The Annual Labour Force Survey, in particular, is meant to do this, which is why we pay special attention to its lessons in the Western Cape.

The bottom line is clear for this province: The drought has decimated 65,000 rural jobs (mostly linked to agriculture). Yet, despite this, employment in the province grew by 77,000 jobs year-on-year, mainly in Cape Town, which registered an astounding 5% increase in employment despite the adverse economic conditions.

Although we hope the end of the drought will enable us to claw back as many rural jobs as possible, the medium-term future of growth and jobs lies in our towns and cities. This is the same worldwide, because urban areas link people to national economies, and national economies provide a bridge to the global economy.

All the trends in the Western Cape point to escalating urbanisation, both from the province’s drought-decimated rural hinterland, as well as further afield, particularly the Eastern Cape.

And this puts the “land reform” spotlight firmly on access to urban land and housing, particularly in Cape Town. What’s more, it will be impossible to meet the growing challenge without rapid economic growth that generates the jobs people need to contribute something to the cost of their own dwellings. Free housing for everyone on the waiting list is unaffordable, and with growing urbanisation, entirely unsustainable.

What’s more, in the Western Cape – especially Cape Town – most of the 356,000 families on the housing database (waiting list) do not qualify for a free house because their household income exceeds the threshold of R3,500 per month.

It therefore makes no sense that our housing policy continues to focus on the goal of providing families with a free house (often on a separate erf). The consequence of this policy is deep dissatisfaction, even conflict, which often takes on a racial dimension. This is because recent migrants and young people are more likely to meet the criteria for free houses than others, who have been on the waiting list for decades.

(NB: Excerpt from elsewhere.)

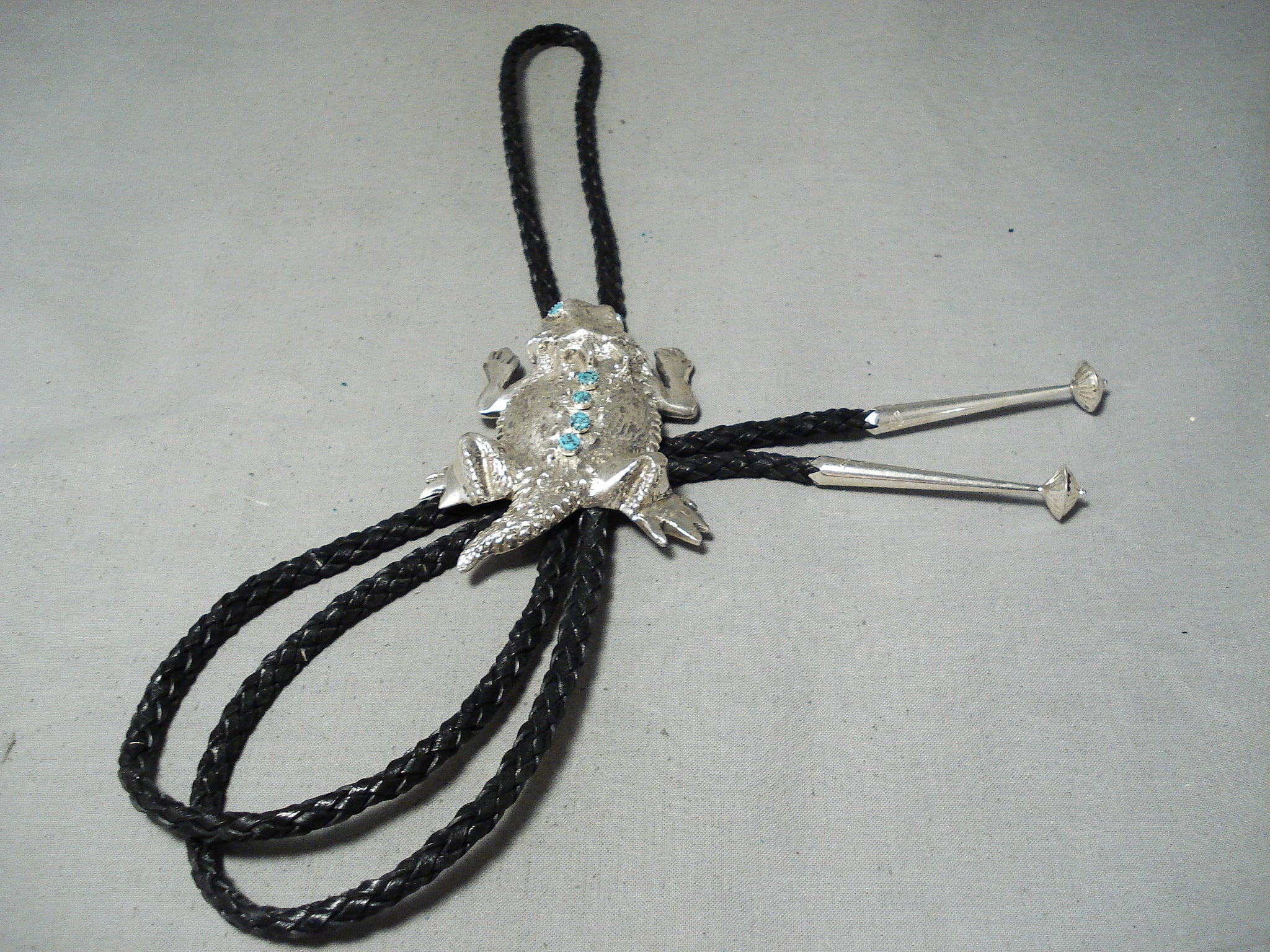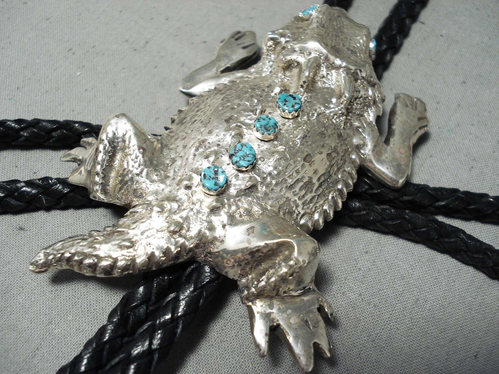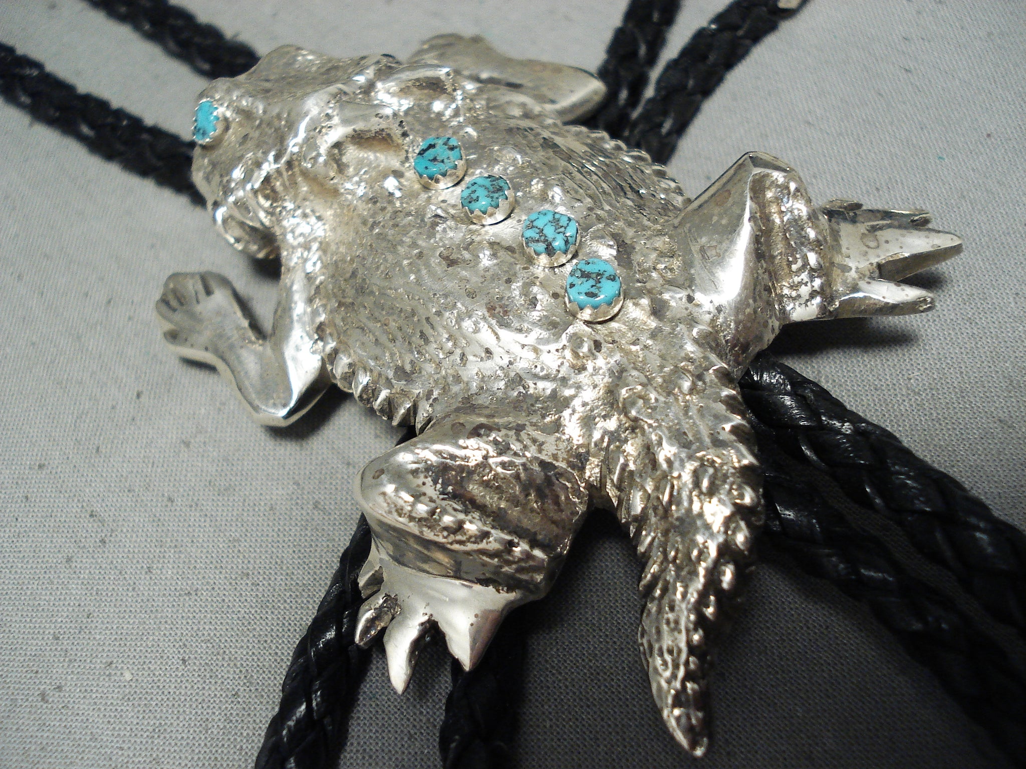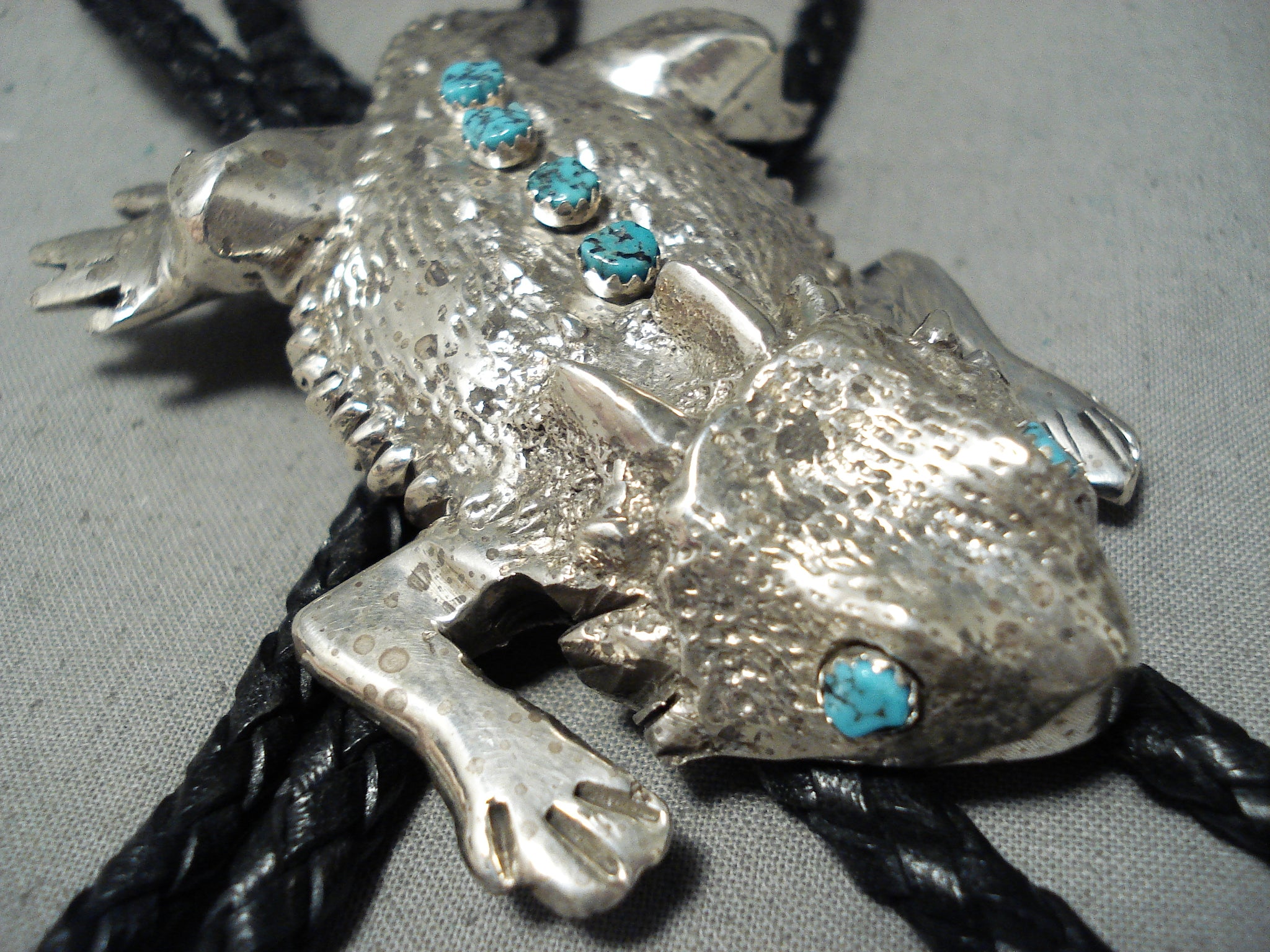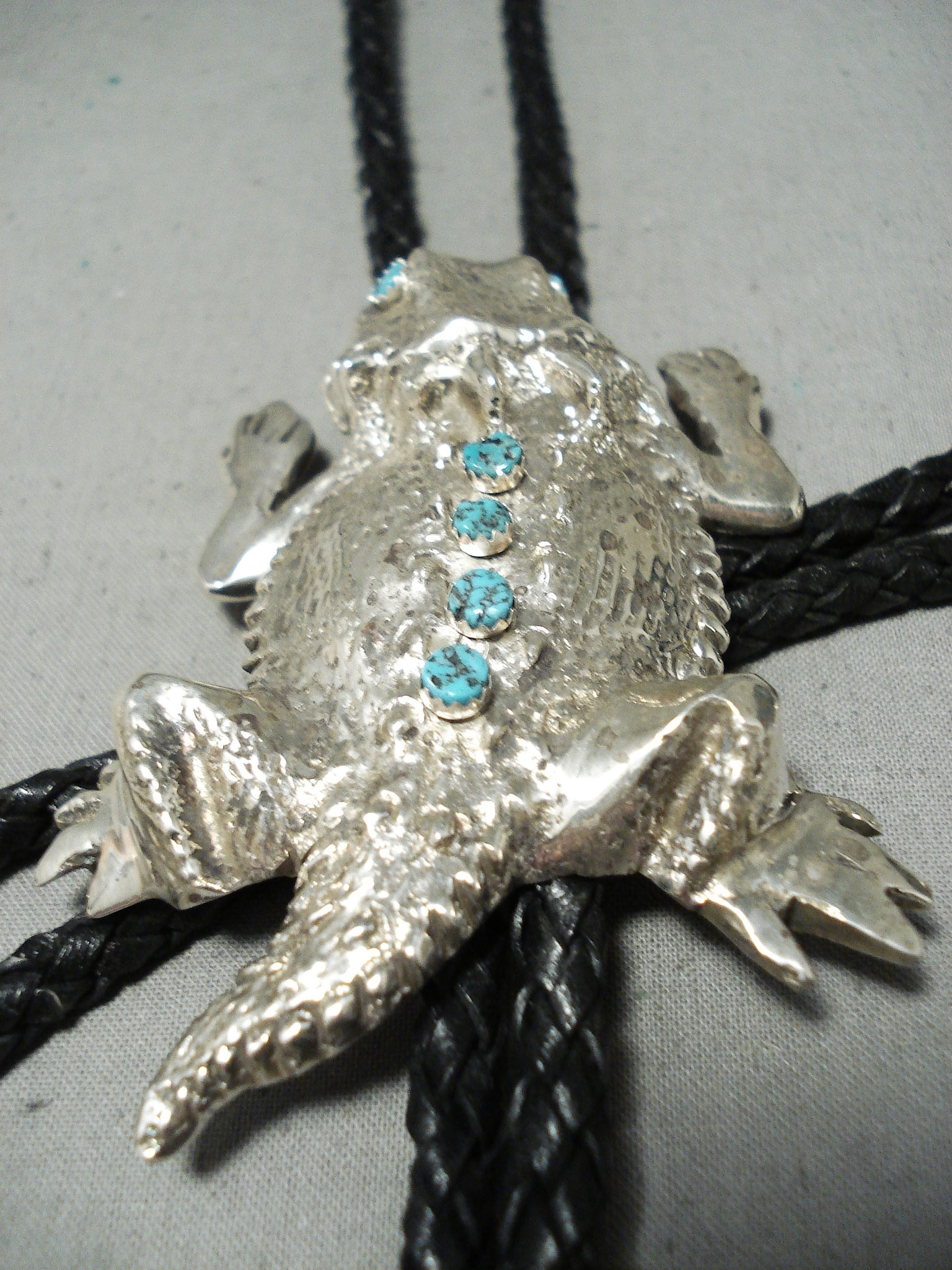 Very Rare Colossal Toad Native American Navajo Turquoise Sterling Silver Bolo Tie
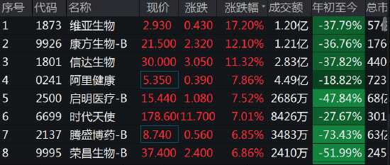 港股醫(yī)藥股集體爆發(fā),維亞生物漲超17%,康方生物漲超12%,信達(dá)生物漲超11%,阿里健康、啟明醫(yī)療、時代天使?jié)q超7%。

If we focus on the core problem – the 200,000-plus families in Cape Town who can afford to pay something towards their own housing (as well as many thousands in the same position in other towns and cities) – a sustainable solution is obvious. It is aligning our policy instruments to produce more affordable, rather than primarily free, accommodation.

To do so, the major requirement is the availability of large tracts of well-located land that can enable both government and private sector cross-subsidies to bring down the cost of formal dwelling units targeting the “affordable” housing market.

As it happens, Cape Town is particularly well-endowed with such land. There are five large tracts, all owned by national government (the Department of Defence and Transnet). Combined, these could yield close to half the number of affordable units required to meet the need on the City’s current database.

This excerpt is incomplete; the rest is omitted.